The paper introduces the DPI bound that quantifies information loss across iterative closed-system LLM reasoning steps.
The methodology rigorously partitions multi-step debate protocols using Markov closure criteria and reveals significant Supported Faithfulness Score drops.
The study demonstrates that external evidence injection, as in EGSR, recovers reasoning faithfulness and challenges accuracy-based evaluations.

Information-Theoretic Limits of Multi-Agent Debate: The Reasoning Trap in LLMs

Problem Formulation and Theoretical Advances

The paper "The Reasoning Trap: An Information-Theoretic Bound on Closed-System Multi-Step LLM Reasoning" (2605.01704) develops a systematic theory addressing why multi-agent debate (MAD) protocols involving copies of the same LLM degrade reasoning faithfulness even as answer accuracy is preserved. The central theoretical claim is formalized as the DPI (Data Processing Inequality) Bound: In a closed-system Markov chain, where agent outputs are iteratively conditioned only on prior outputs and shared model parameters without re-injecting external evidence, the expected mutual information between evidence and agent outputs is non-increasing across steps.

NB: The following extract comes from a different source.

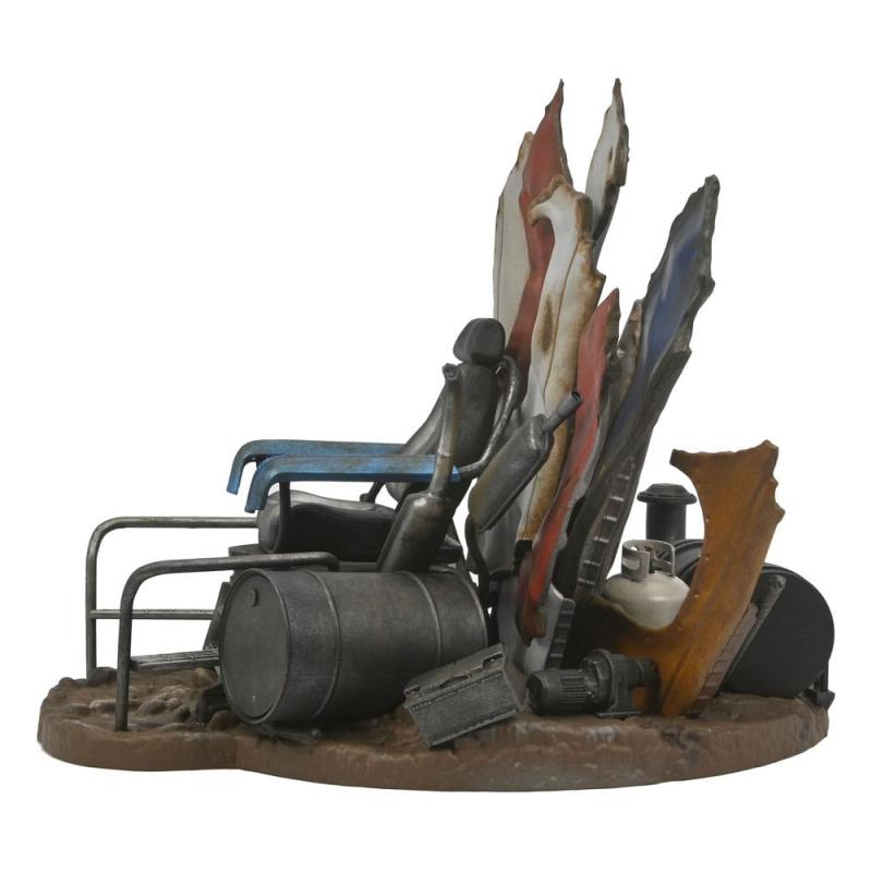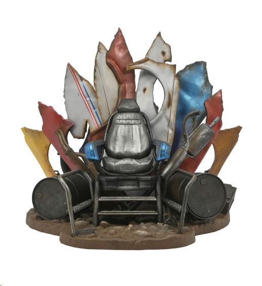 Del clásico Tortugas Ninja 2: Secret of the Ooze llega el impresionante diorama del Trono de Shredder. Este diorama, con licencia oficial, captura la imponente presencia del trono de Shredder, rodeado de piezas de metal retorcidas y escombros que reflejan su dominio y poder. Con un tamaño aproximado de 23 x 23 x 27 cm, este diorama es una pieza central ideal para cualquier colección de Tortugas Ninja.

The authors define reasoning faithfulness quantitatively as mutual information $I(E; O^t)$ between the evidence $E$ and the agent outputs $O^t$ , and introduce the Supported Faithfulness Score (SFS) — a claim-level metric grounded in atomic decomposition and external verification against evidence. SFS is constructed to be decomposer-invariant (condition-level Spearman $\rho=1.0$ for GPT-4o/Claude decomposers) and operationalizes reasoning process-level measurement, not just correctness of the answer.

The analysis rigorously partitions closed-system multi-step reasoning protocols using four Markov closure criteria: shared parameters, single evidence injection at initialization, sequential dependency on prior agent outputs, and symmetric aggregation. Any protocol satisfying these is provably subject to the DPI bound:

$\mathbb{E}[I(E; O^{t+1})] \leq \mathbb{E}[I(E; O^t)]$

with strict inequality for vote-aggregation/summary protocols. This structural result holds for multi-agent debate, token-Markov CoT, Reflexion, and linear ToT; paradigms such as self-consistency and mixture-of-experts violate the closure and are outside scope (Figure 1).

Figure 1: The scope of the DPI bound, showing which reasoning paradigms satisfy the four closure criteria and inherit the information-theoretic ceiling.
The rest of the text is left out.